What is expected> Repeat, exactly as written, the lines from the one with "Ballast électronique TCI" to the final line of the listing, and keep every picture out.

━━━━━ Given data

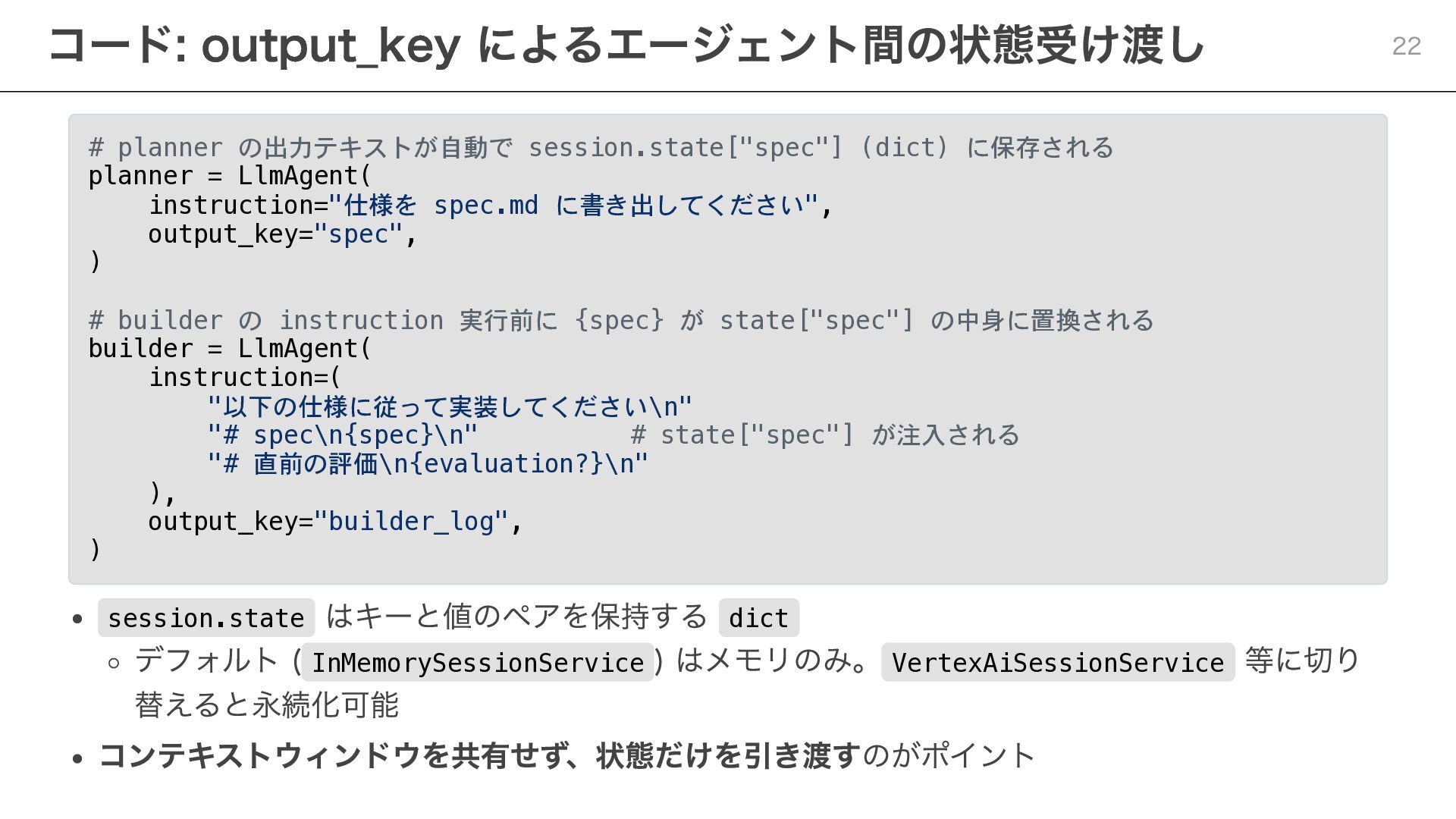 spec.md に書き出してください", output_key="spec", ) # builder の instruction 実行前に {spec} が state["spec"] の中身に置換される builder = LlmAgent( instruction=( "以下の仕様に従って実装してください\n" "# spec\n{spec}\n" # state["spec"] が注入される "# 直前の評価\n{evaluation?}\n" ), output_key="builder_log", ) session.state はキーと値のペアを保持する dict デフォルト ( InMemorySessionService ) はメモリのみ。 VertexAiSessionService 等に切り 替えると永続化可能 コンテキストウィンドウを共有せず、状態だけを引き渡すのがポイント コード: output_key によるエージェント間の状態受け渡し 22
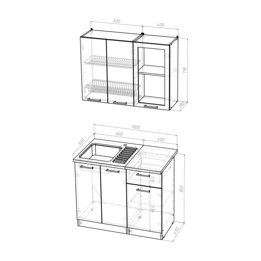 Мойка, смеситель, стеновая панель и посудосушитель в комплект гарнитура не входят.
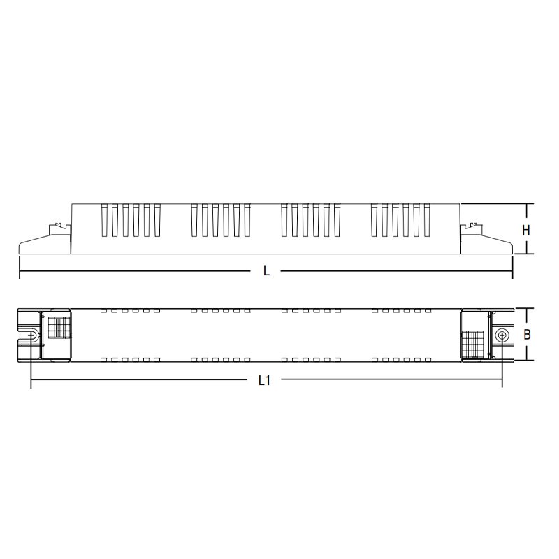 Ballast électronique TCI BTL 258 linéaire multi-lampe/multi-puissance, avec les caractéristiques suivantes
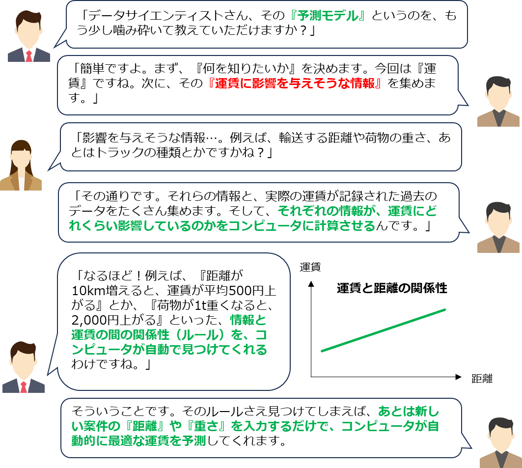 前回の「輸配送DX」出版のお知らせでは、コスト最小化を意識した輸送ルート決定業務の省力化についてご紹介しました。今回は、「輸配送DX」の書籍内でも取り組みやすいテーマの一つである、運賃推定モデルについて説明します。

━━━━━━━━━━

Result for this task>
 Ballast électronique TCI BTL 258 linéaire multi-lampe/multi-puissance, avec les caractéristiques suivantes
 前回の「輸配送DX」出版のお知らせでは、コスト最小化を意識した輸送ルート決定業務の省力化についてご紹介しました。今回は、「輸配送DX」の書籍内でも取り組みやすいテーマの一つである、運賃推定モデルについて説明します。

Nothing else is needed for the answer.